Abou Rjeily decided to continue the established tradition of "simplifying" Arabic in order to make it more accessible to nonnative speakers. Back in 1947, the Lebanese architect and typographer Nasri Khattar created Unified Arabic, a 32-character detached alphabet that, according to Abou Rjeily, "was meant to ease the learning and writing of the scripts by reducing the number of shapes letters could assume."

In the 1990s, Mourad Boutros (a leader in the field of Arabic typography since the 1960s, and someone else I have worked with on two books) designed Basic Arabic, "a compromise between Khattar's radical proposal to abandon cursive script and the idea of designing a typographic script with only one shape per letter that would not be joined together when printed."

In Cultural Connectives, Abou Rjeily presents Mirsaal, a contemporary take on Khattar and Boutros' creation of detached Arabic scripts for the benefit of learning and being able to achieve typographic balance between the two alphabets.

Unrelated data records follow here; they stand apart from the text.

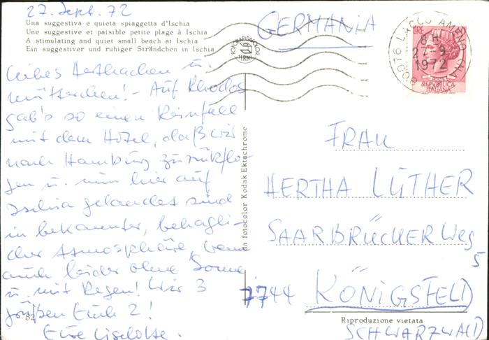 old postcard Ischia Una suggestiva e quieta spiaggetta Strand postalisch gelaufen gute Erhaltung
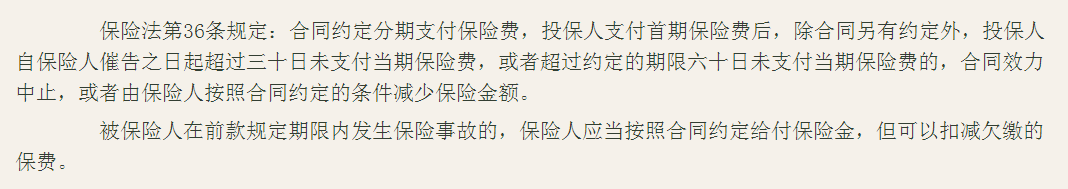 在此期间,即使没交保费,万一发生保险事故,保险公司也要承担赔偿责任,只是会扣除当期未交保费。
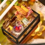Step inside to find a cozy counter stocked with miniature pastries. bread. and charming tea accessories. Every detail invites you to imagine the aroma of freshly brewed tea and baked goods.
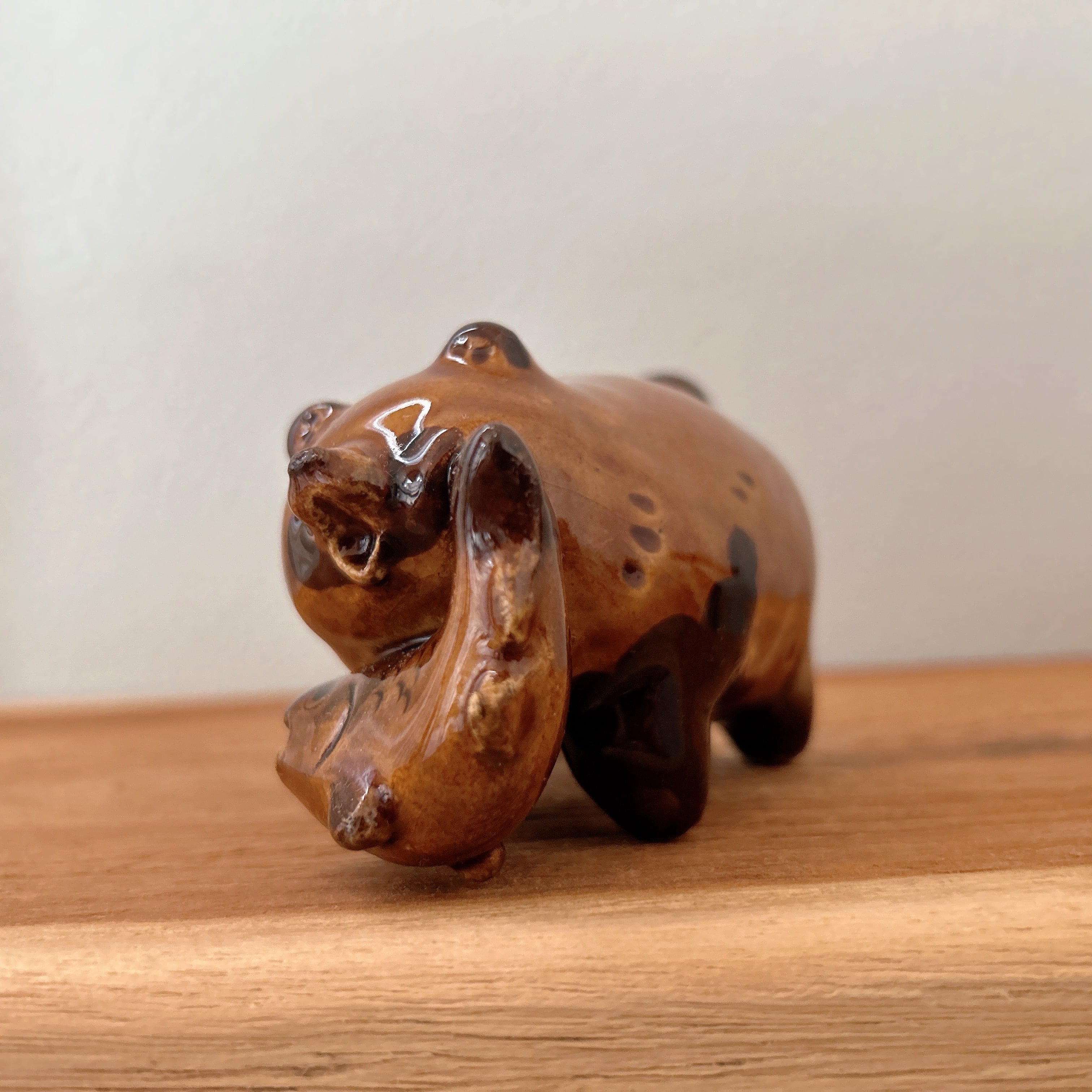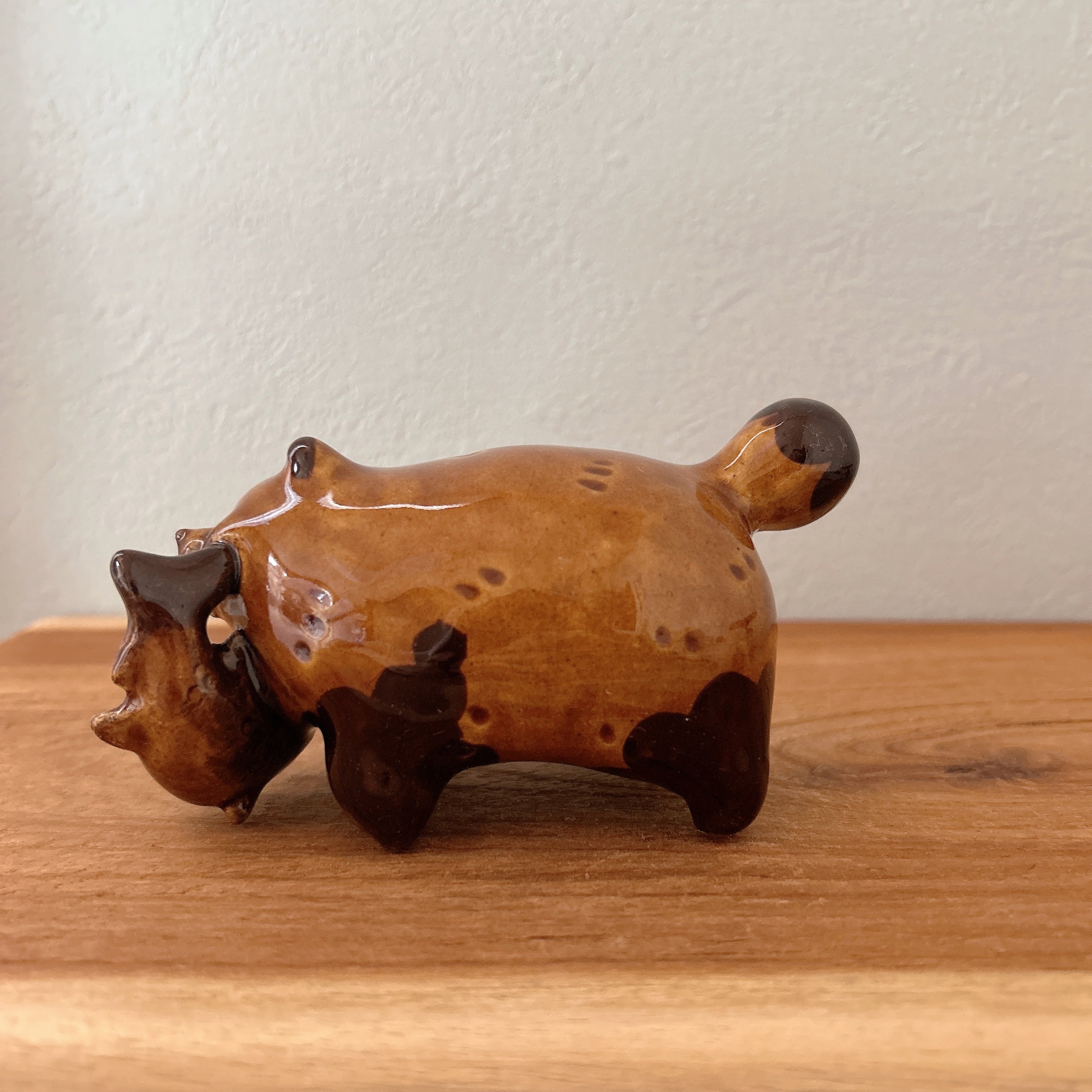 飴色のツヤっとした質感とぽってりフォルムが特徴の置物は、どこに置いても可愛さを損ねません。

Relying on the fundamental aspects of both the Arabic and Latin alphabets, Abou Rjeily showcases the versatility of Mirsaal by making clear how different the two alphabets are and how she has fused elements of both to design two attractive and incredibly useful fonts.

Abou Rjeily found her way to me by virtue of the work I've done with Boutros. As an editor, I'm drawn to these sorts of projects because they acknowledge how globalized our lives really are. The world sees the rest of the world's languages on websites, news broadcasts and in print media. While I don't see much of this going on in America, in Europe, Asia and the Middle East, finessing various alphabets into multilingual designs is an increasingly significant facet of graphic design that is well worth paying attention to.